[Date Prev][Date Next] [Chronological] [Thread] [Top]

LMDB: successive fillups and drops break the DB after a while



Hello,

I've tried stress-testing LMDB in our use case and I've discovered something I consider a bug.

In our use case we need to keep inserting to the DB until it's full, flush it and repeat. We've designed the insert function to fail if there are not enough headroom pages for safe delete / DB drop. During the tests the DB works correctly for some amount of repeats, but then it suddenly refuses to insert anything. It seems LMDB doesn't clear or reuse all of its pages. I would like to get anyone's opinion on this.

I have attached the source file containing the test. The DB size is set to 20MB, the inserted values have by default 25kB. In the first run the DB accepts 365 inserts, which decreases over time and stabilizes at 280. After 18 repeats the DB does not accept any inserts at all:
ok 1 - pass #1 fillup run (365 inserts)
ok 2 - pass #2 fillup run (300 inserts)
ok 3 - pass #3 fillup run (286 inserts)
ok 4 - pass #4 fillup run (283 inserts)
ok 5 - pass #5 fillup run (281 inserts)
ok 6 - pass #6 fillup run (280 inserts)
ok 7 - pass #7 fillup run (280 inserts)
ok 8 - pass #8 fillup run (280 inserts)
ok 9 - pass #9 fillup run (280 inserts)
ok 10 - pass #10 fillup run (280 inserts)
ok 11 - pass #11 fillup run (280 inserts)
ok 12 - pass #12 fillup run (280 inserts)
ok 13 - pass #13 fillup run (280 inserts)
ok 14 - pass #14 fillup run (280 inserts)
ok 15 - pass #15 fillup run (280 inserts)
ok 16 - pass #16 fillup run (280 inserts)
ok 17 - pass #17 fillup run (280 inserts)
ok 18 - pass #18 fillup run (108 inserts)
not ok 19 - pass #19 fillup run (0 inserts)
not ok 20 - pass #20 fillup run (0 inserts)

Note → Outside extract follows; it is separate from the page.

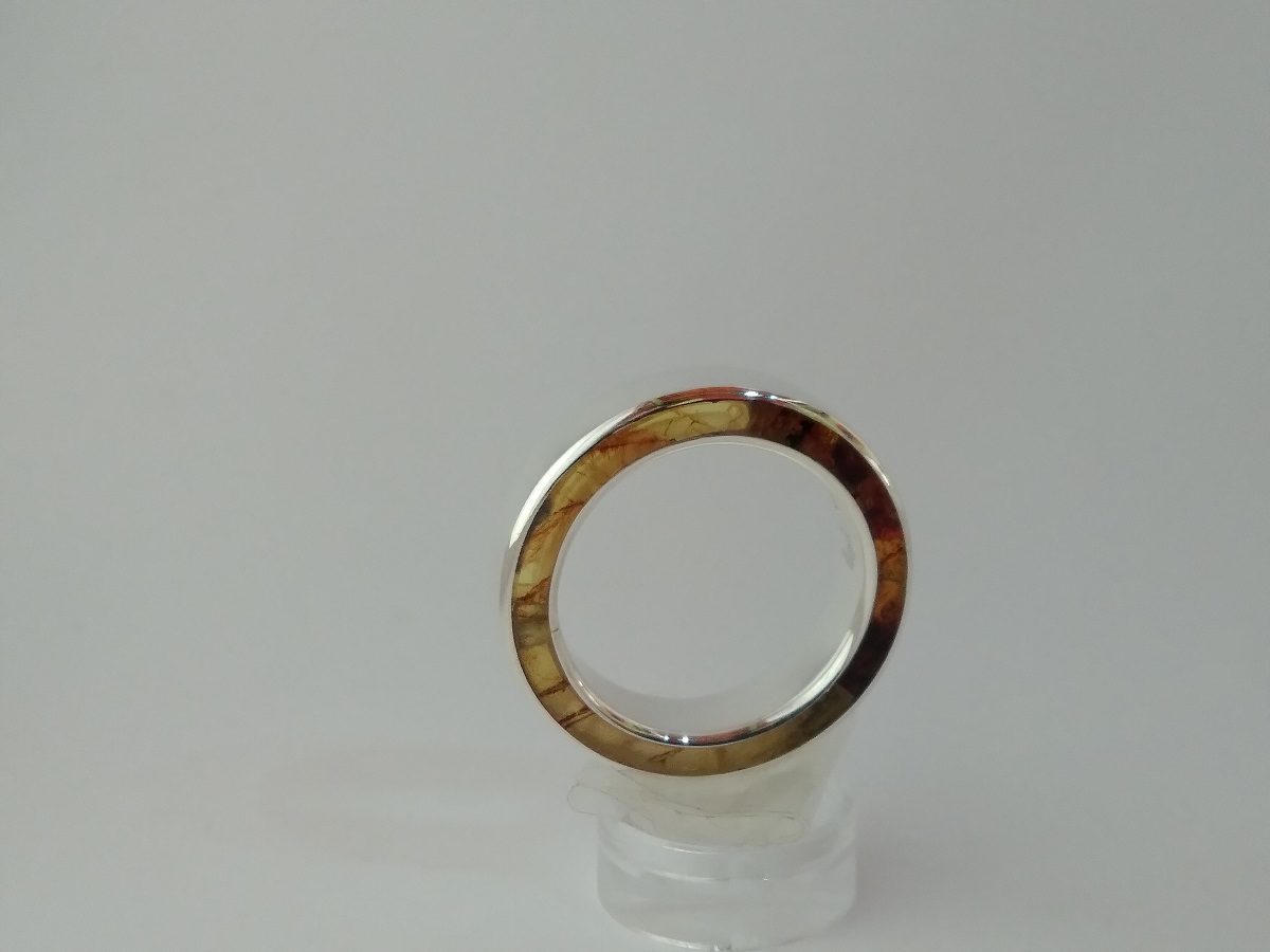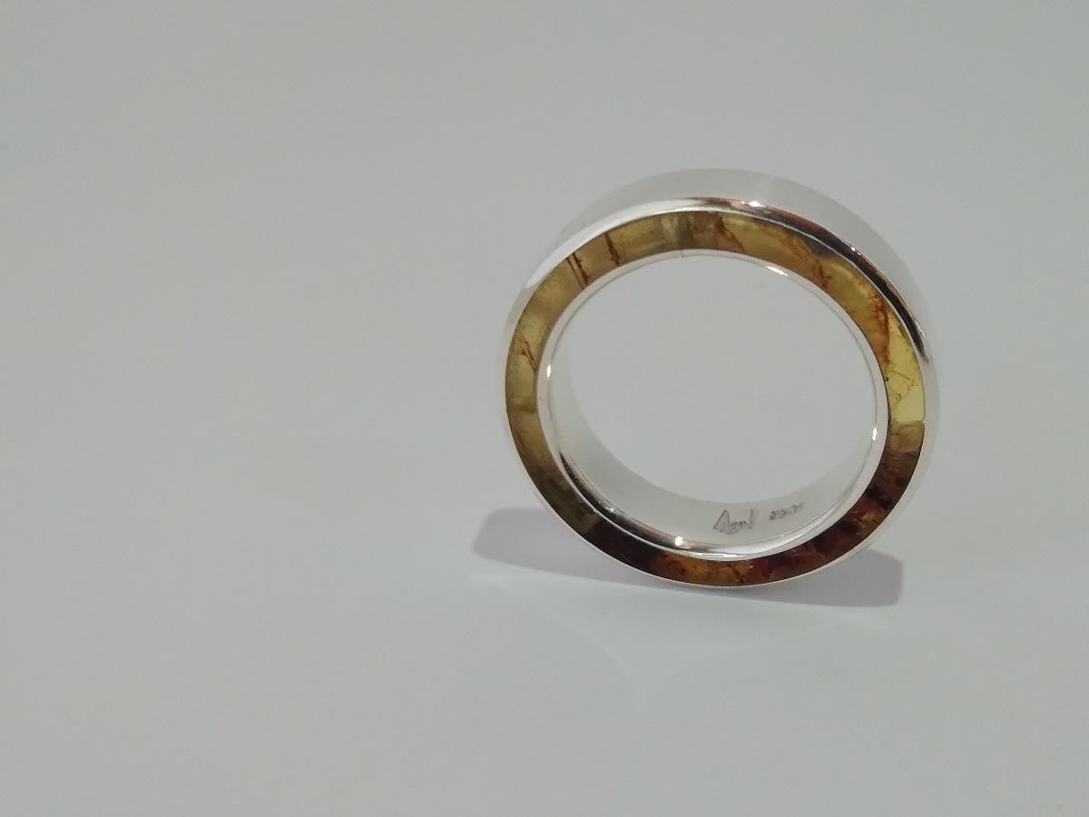 Anillo de plata .925 en frente y ámbar amarillo jaspeado en medio en forma circular. un diseño vanguardista y exclusivo de galería ambaria. Código 4250

The test is run 4 times with different approaches that we thought could have had some impact. These approaches combine opening the DB per insert or per single fillup, and reopening the DB just for the DB drop. In this case these options have no effect and the results are the same, but originally a unit test that this originates from had some differences so I kept them in.

Note that I also tried calling mdb_drop with "1" as the last parameter, but it had no effect on the result.

I am linking against the latest LMDB from sources.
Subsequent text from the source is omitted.